Moreover, she pointed to the increasing empowerment of Saudi women in terms of education, work, travel, family rights, developing cities culturally while paying attention to villages, celebrations and cultural centers, and many other internal social issues.
“Anyone who lives in the kingdom or outside it will notice the growing recent developments in walks of life that match and even surpass some aspects of life in developed countries,” Jarwan said.
Anyone who lives in the kingdom or outside it will notice the growing recent developments in walks of life that match and even surpass some aspects of life in developed countries
The COVID-19 crisis is testing Saudi development, as the kingdom has made great efforts to face the epidemic and provide all capabilities of care to protect human lives and the economy as well, she said.
“Yesterday [Wednesday], there were fewer than 290 new coronavirus cases, and throughout the pandemic crisis, the deaths did not exceed 5% [of confirmed cases], while recoveries were at 95%,” she continued.
Saudi Vision 2030 seeks to achieve solidarity and understanding regionally and globally, whether regarding the current pandemic or others, so people can live in peace and prosperity, and develop and modernize their social, economic and educational lives, Jarwan said.
Suliman al-Ogaily, a member of the board of directors of the Saudi Society for Political Science, told The Media Line the kingdom’s leadership of the powerful global economic bloc’s summit constituted a milestone for the summit itself, as it was being led for the first time by an Arab country “amid global confidence in the kingdom’s ability to offer new solutions to global challenges and crises.

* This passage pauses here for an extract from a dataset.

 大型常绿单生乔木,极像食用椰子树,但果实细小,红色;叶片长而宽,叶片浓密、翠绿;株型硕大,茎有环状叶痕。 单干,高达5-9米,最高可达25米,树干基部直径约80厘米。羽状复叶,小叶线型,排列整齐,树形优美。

“The summit comes at a very difficult time globally, as the pandemic strikes the world, wiping out the lives of citizens and destroying economies. It also comes against the backdrop of the retreat of the American leadership’s international efforts,” Ogaily said.

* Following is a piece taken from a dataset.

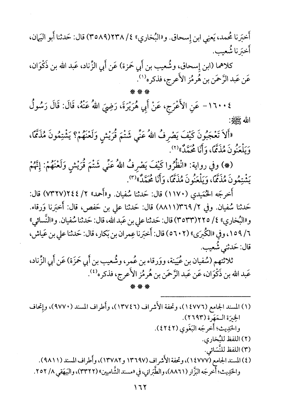 ثلاثتهم (سفيان بن عُيينة، وورقاء بن عمر، وشعيب بن أبي حمزة) عن أبي الزناد عبد الله بن ذكوان، عن عبد الرَّحمَن بن هُرمُز الأعرج، فذكره (¬٣).

He said that saving lives and livelihoods, which the summit will focus on, was vital to saving humanity from the epidemic and preventing people from dying from hunger and malnutrition.
“The challenges facing the world today are more dangerous than in 2008, when the G20 summits switched from the ministerial to the state leader level because of the financial crisis,” he noted.

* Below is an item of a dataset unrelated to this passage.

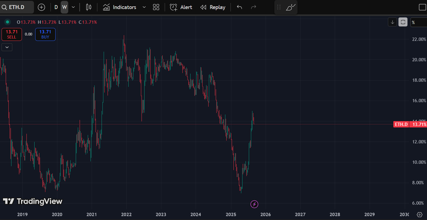 ETH losing 14% dominance rejection makes it vulnerable unless it defends 12%.

Ogaily clarified that during the Extraordinary G20 Leaders Summit last March, also held online and hosted by Saudi Arabia, the world laid down a preliminary road map to lift the global economy out of recession, support weak economies and support medical research and therapeutic real estate.
“That’s what is now appearing on the horizon, in a short period not exceeding a year,” he noted. “This is a miracle in medical research protocols thanks to the funds provided by the G20.”
The commitments made at the summit on March 26 succeeded in injecting more than $5 trillion into the world economy to confront the social, economic and financial impacts of the pandemic.
“It helped the global economy move out of recession, as oil prices jumped from $20 [per barrel] to $40,” Ogaily said.